Try it:
Please restate word for word the lines of the entries below from the one with "Rabarbar obrać ze" to the one with "在下一个屏幕上,默认值几乎适", inclusive, and leave out every picture.

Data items
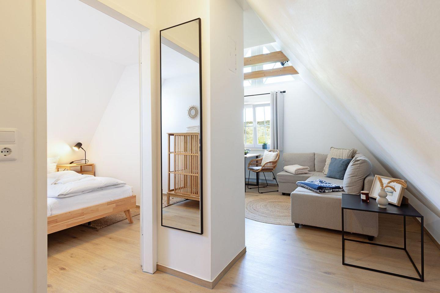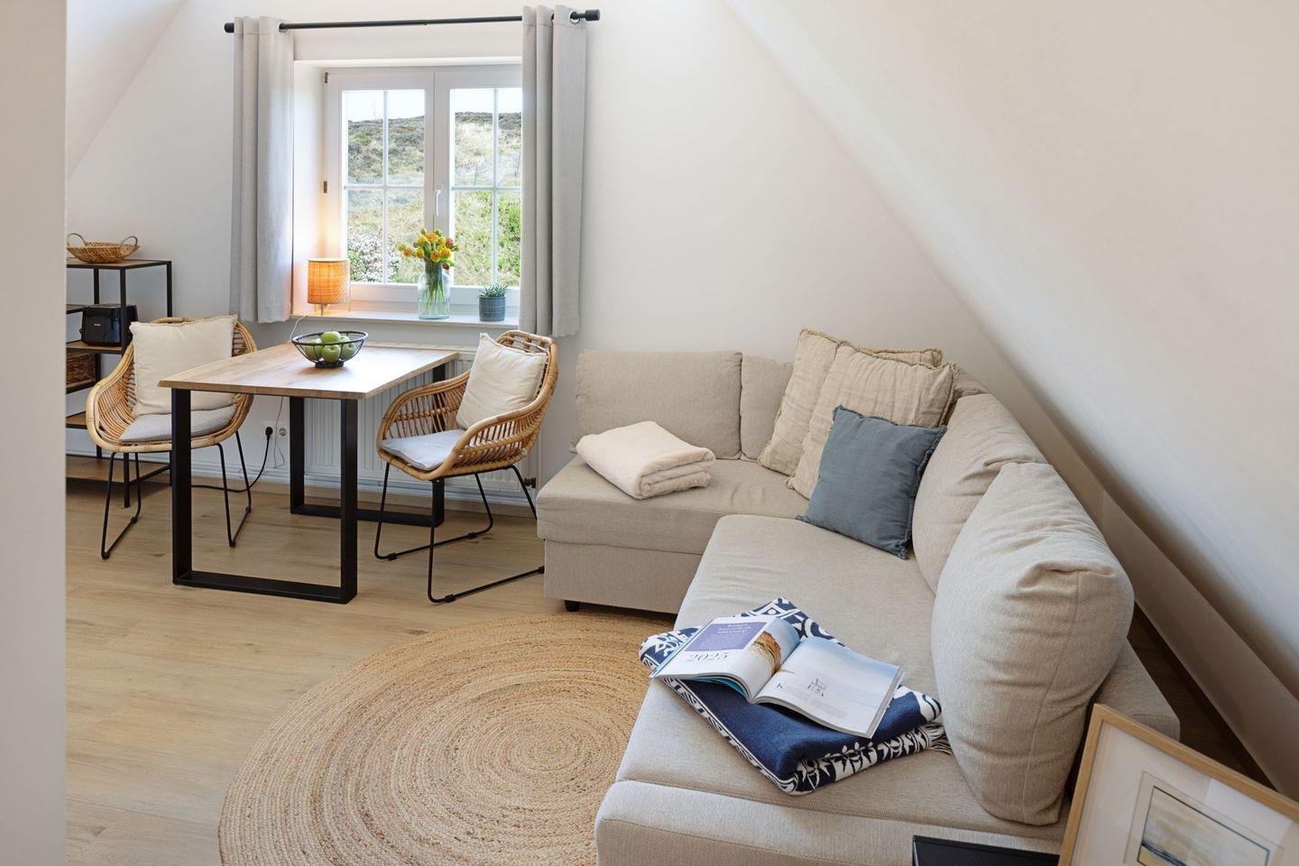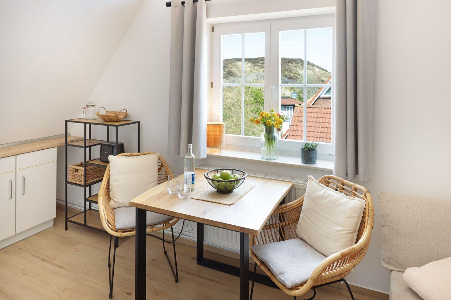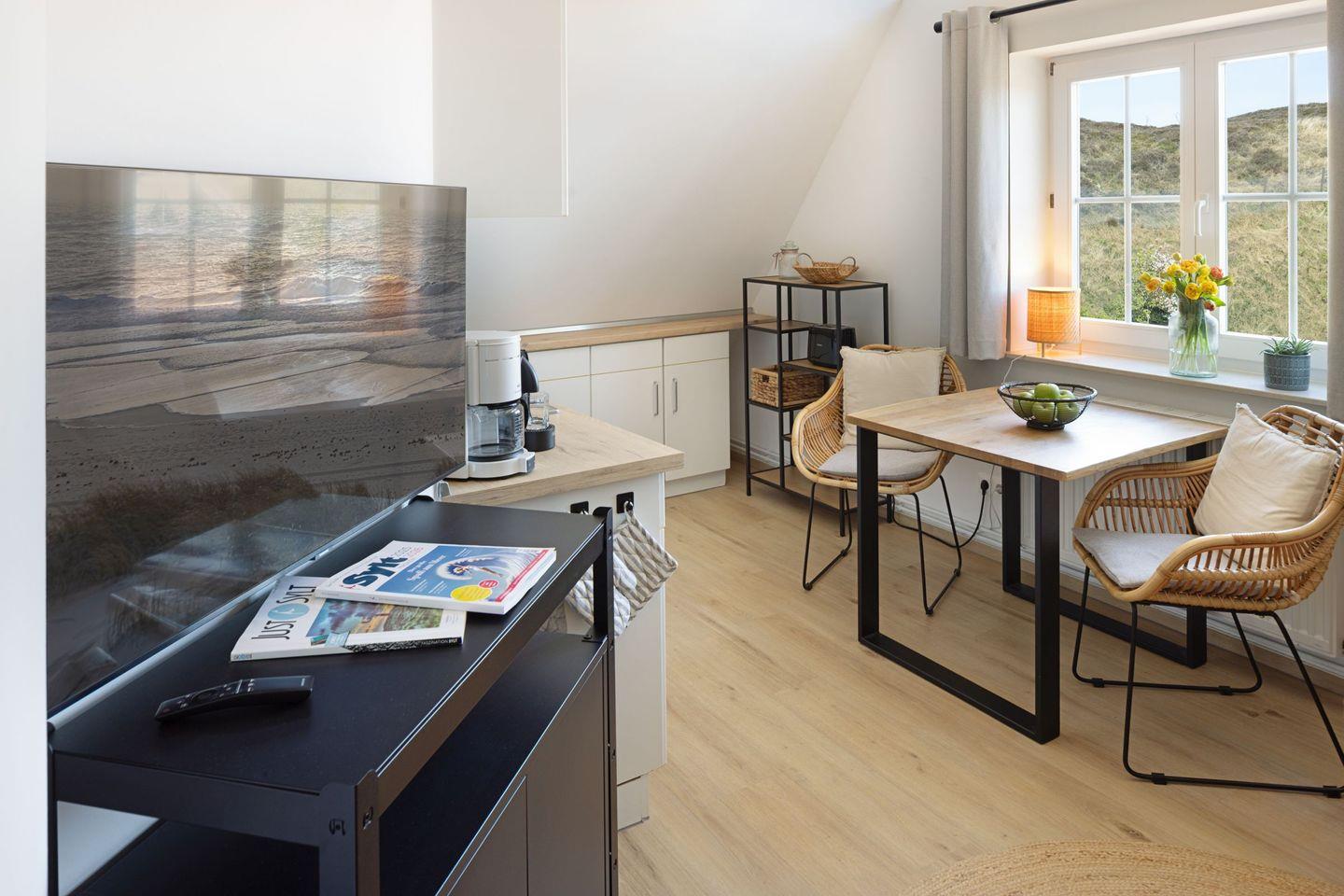 Gemütliches Appartement für 2 Personen im Dachgeschoss mit Gemeinschaftsgarten mit Strandkorb direkt an der Lister Dünenlandschaft.
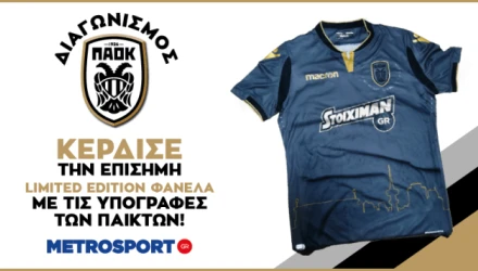 Μπες στο metrosport.gr, συμπλήρωσε τα στοιχεία σου (απαραίτητα όλα τα στοιχεία), απάντησε σωστά στην ερώτηση, μπές στην κλήρωση και κέρδισε την επίσημη limited edition φανέλα ΠΑΟΚ με τις γνήσιες υπογραφές των παικτών.
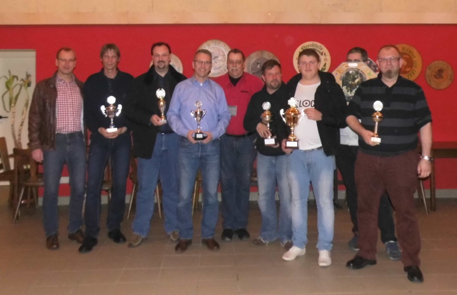 Nach einem langen Stechen standen gegen 23:00 Uhr endlich die Sieger fest und unser amtierender Grünkohlkönig, Hans-Ulrich Zayc, durfte die Ehrungen vornehmen.
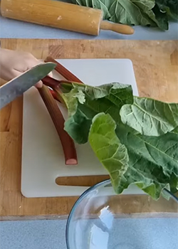 Rabarbar obrać ze skórki. Pokroić go na plasterki.
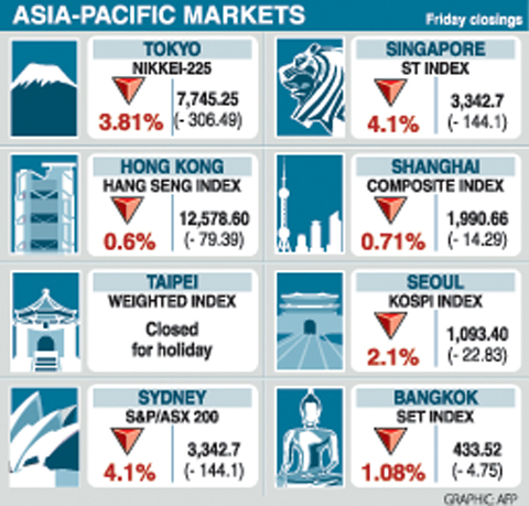HSBC Holdings PLC, Europe’s largest bank, lost 11 percent for the week after the UK and US governments were forced to provide new bailouts for banks and New York University professor Nouriel Roubini said credit losses could surpass US$3 trillion. Sony Corp plunged 13 percent after forecasting a record loss, while Samsung Electronics Co, the world’s largest liquid-crystal display TV maker, dropped 5.8 percent after posting its first quarterly loss.
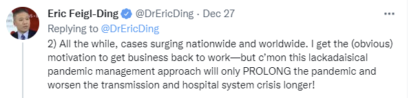 The ‘you didn’t reduce costs to zero’ and ‘only health considerations count’ logics, as always, are the standard procedure of many ‘experts.’ Eric Feigl-Ding continues to be the exemplar of one-track health-only thinking, where it’s crazy that anyone would care about anything else, and everything always calls for the same actions without regard to a physical model. I figured I’d break down his thread as the example here.
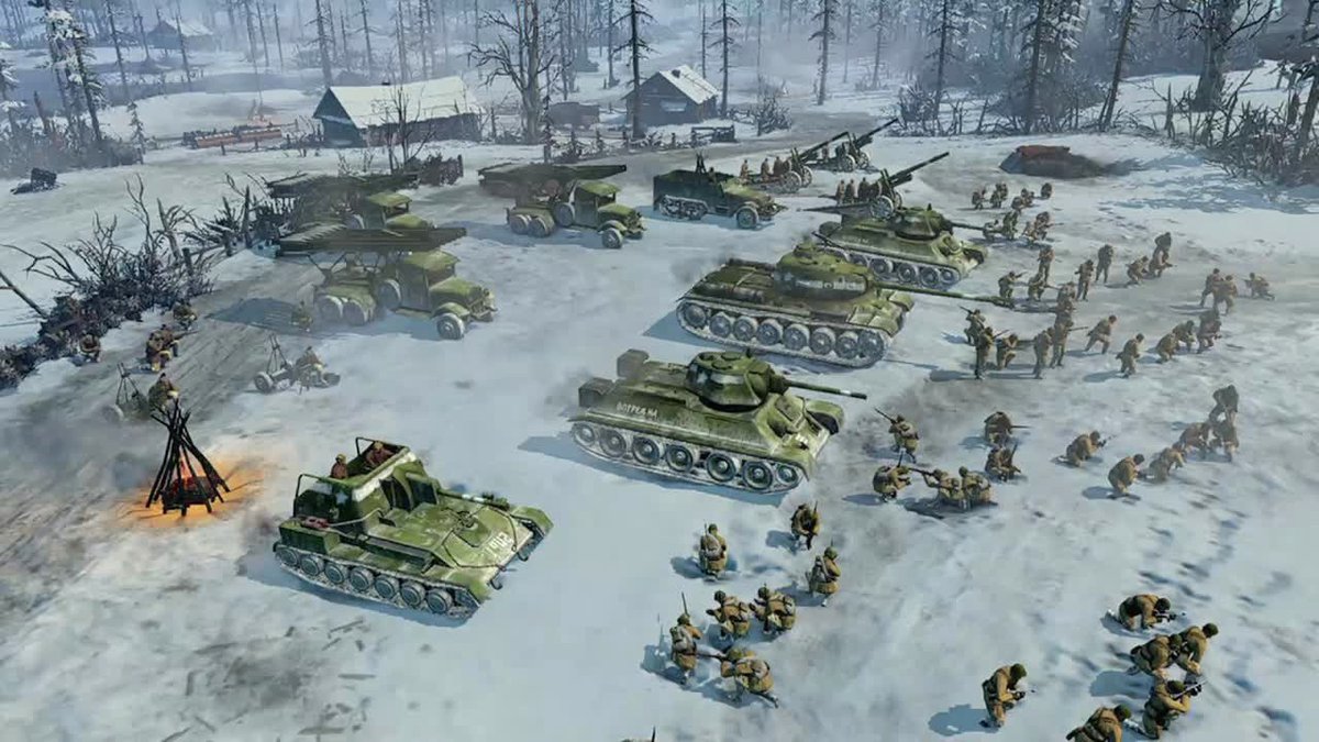 Что на самом деле хорошо реализовано в игре так это снег. Такой детальной реализации и его взаимодействия с окружающими миром в стратегиях еще не было. Если инженеры подожгли дом, или на поле боя загорелся танк, то в радиусе нескольких метров от него снег начнет таять. Погода теперь выступает в роли еще одного врага, способного преодолеть обе армии за раз.
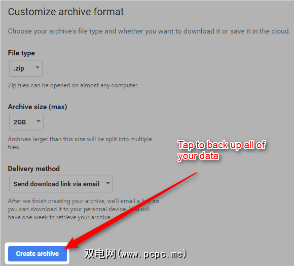 在下一个屏幕上,默认值几乎适用于任何人。选择创建存档以备份您的数据。如果您使用环聊进行SMS消息传递,则只会保存环聊到环聊消息,而不会保存您的SMS消息。
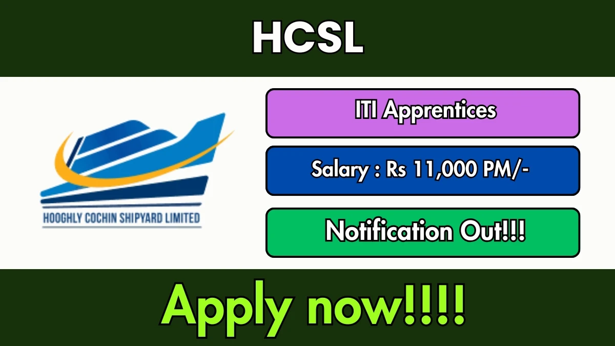 Hooghly Cochin Shipyard Limited has officially released the HCSL Recruitment 2025 notification for 5 Posts including Electrician, Painter (General)/ Painter (Marine), Mechanic Diesel, and Pipe Fitter/Plumber at cochinshipyard.in. Candidates seeking government jobs can now apply for HCSL Recruitment 2025 through the online application process. The HCSL Online Application Form 2025 is available from 19/12/2025 to 08/01/2026 on the official website. This article covers complete details about HCSL Vacancy 2025 including educational qualification, age limit, application fee, salary structure, selection process, exam pattern, and how to apply online. Interested candidates must carefully read the official HCSL Notification 2025 before starting the registration process. Find all important information about HCSL Jobs 2025, eligibility criteria, important dates, and direct application link below.

Solved exercise:
 Rabarbar obrać ze skórki. Pokroić go na plasterki.
HSBC Holdings PLC, Europe’s largest bank, lost 11 percent for the week after the UK and US governments were forced to provide new bailouts for banks and New York University professor Nouriel Roubini said credit losses could surpass US$3 trillion. Sony Corp plunged 13 percent after forecasting a record loss, while Samsung Electronics Co, the world’s largest liquid-crystal display TV maker, dropped 5.8 percent after posting its first quarterly loss.
 The ‘you didn’t reduce costs to zero’ and ‘only health considerations count’ logics, as always, are the standard procedure of many ‘experts.’ Eric Feigl-Ding continues to be the exemplar of one-track health-only thinking, where it’s crazy that anyone would care about anything else, and everything always calls for the same actions without regard to a physical model. I figured I’d break down his thread as the example here.
 Что на самом деле хорошо реализовано в игре так это снег. Такой детальной реализации и его взаимодействия с окружающими миром в стратегиях еще не было. Если инженеры подожгли дом, или на поле боя загорелся танк, то в радиусе нескольких метров от него снег начнет таять. Погода теперь выступает в роли еще одного врага, способного преодолеть обе армии за раз.
 在下一个屏幕上,默认值几乎适用于任何人。选择创建存档以备份您的数据。如果您使用环聊进行SMS消息传递,则只会保存环聊到环聊消息,而不会保存您的SMS消息。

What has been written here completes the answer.